Magnus Hirschfeld est juif et homosexuel, ce qui fait de lui une cible idéale pour les nazis. Il échappe en 1920 à un attentat perpétré par l’extrême droite et le quotidien nazi Der Stürmer le prend régulièrement pour cible dans des pamphlets injurieux. Je crois que ce qui a déplu aux nazis c’est que Magnus Hirschfeld accueillait toutes les « différences ». Dans les premières années du nazisme, l’homosexualité masculine avait ses théoriciens qui prônaient l’amitié virile entre garçons de type aryen : Magnus Hirschfeld n’adopte pas ce point de vue restrictif.
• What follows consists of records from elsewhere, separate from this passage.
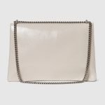Gucci presents a maxi version of the signature Dionysus shoulder bag. Designed with a more contemporary look, this iteration in sleek light grey patent leather features a tiger head closure with a flap and a sliding chain that can be adjusted to wear with the preferred length and style.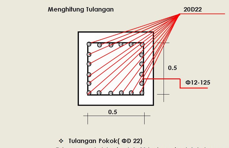 Tulangan pokok berjumlah 20 batang, jumlah kolom pada masing masing lantai adalah 64 buah.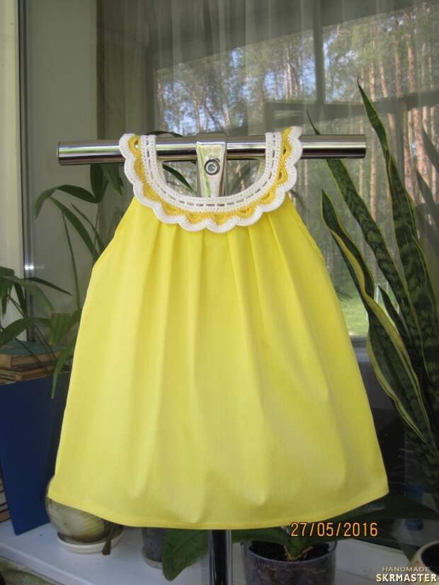Желтый топик «Ромашка» (фото) – как вариант летней одежки для маленькой модницы – хорош не только оригинальным видом. Главный его секрет в том, что такая модель будет расти вместе с вашей девочкой))) Сначала топ можно носить как туничку в комплекте с лосинами, а по мере роста малышки – как топ с шортами. Именно эта модель опробована не одной мамой – все очень довольны.

Taxé de pornographe ou de promoteur de la « dégénérescence » selon les nazis, il est presque logique que son cabinet ait été, dès 1933, un des premiers espaces visés. Les photos des premiers autodafés que l’on voit de nos jours dans les manuels scolaires ont été essentiellement réalisées en brûlant la bibliothèque de Magnus Hirschfeld.

Dans le film Les fleurs du silence, il est fait référence au Dr Eugen Steinach. Quels sont les liens entre eux ? 

Eugen Steinach est un endocrinologue viennois qui place la « cause » de l’homosexualité masculine dans les testicules. Le point commun avec Magnus Hirschfeld est cette croyance en la sexologie médicale et dans les causes physiologiques de l’homosexualité. La comparaison s’arrête là. Steinach veut rectifier ce qu’il juge être un problème en proposant une ablation des testicules, Hirschfeld, lui, prône l’acceptation. Malheureusement, des hommes se sont présentés au cabinet de sexologie demandant qu’on leur pratique la méthode Steinach. Hirschfeld a fini par autoriser l’opération devant l’insistance de certains patients, mais l’a regretté : non seulement cette méthode s’est avérée inefficace, mais surtout elle va, en proposant une mutilation, contre l’esprit de tolérance prôné par Hirschfeld. 

Que représente Magnus Hirschfeld de nos jours pour la communauté LGBTQIA+ ?

Il est assez peu connu, en dehors peut-être de milieux militants informés. Sa médicalisation de l’homosexualité peut apparaître comme rétrograde. Mais attention à ne pas faire d’anachronisme, Magnus Hirschfeld reste un pionnier en n’écartant aucune sexualité, aucun genre, il représente parfaitement toutes les nuances du sigle LGBTQIA+ !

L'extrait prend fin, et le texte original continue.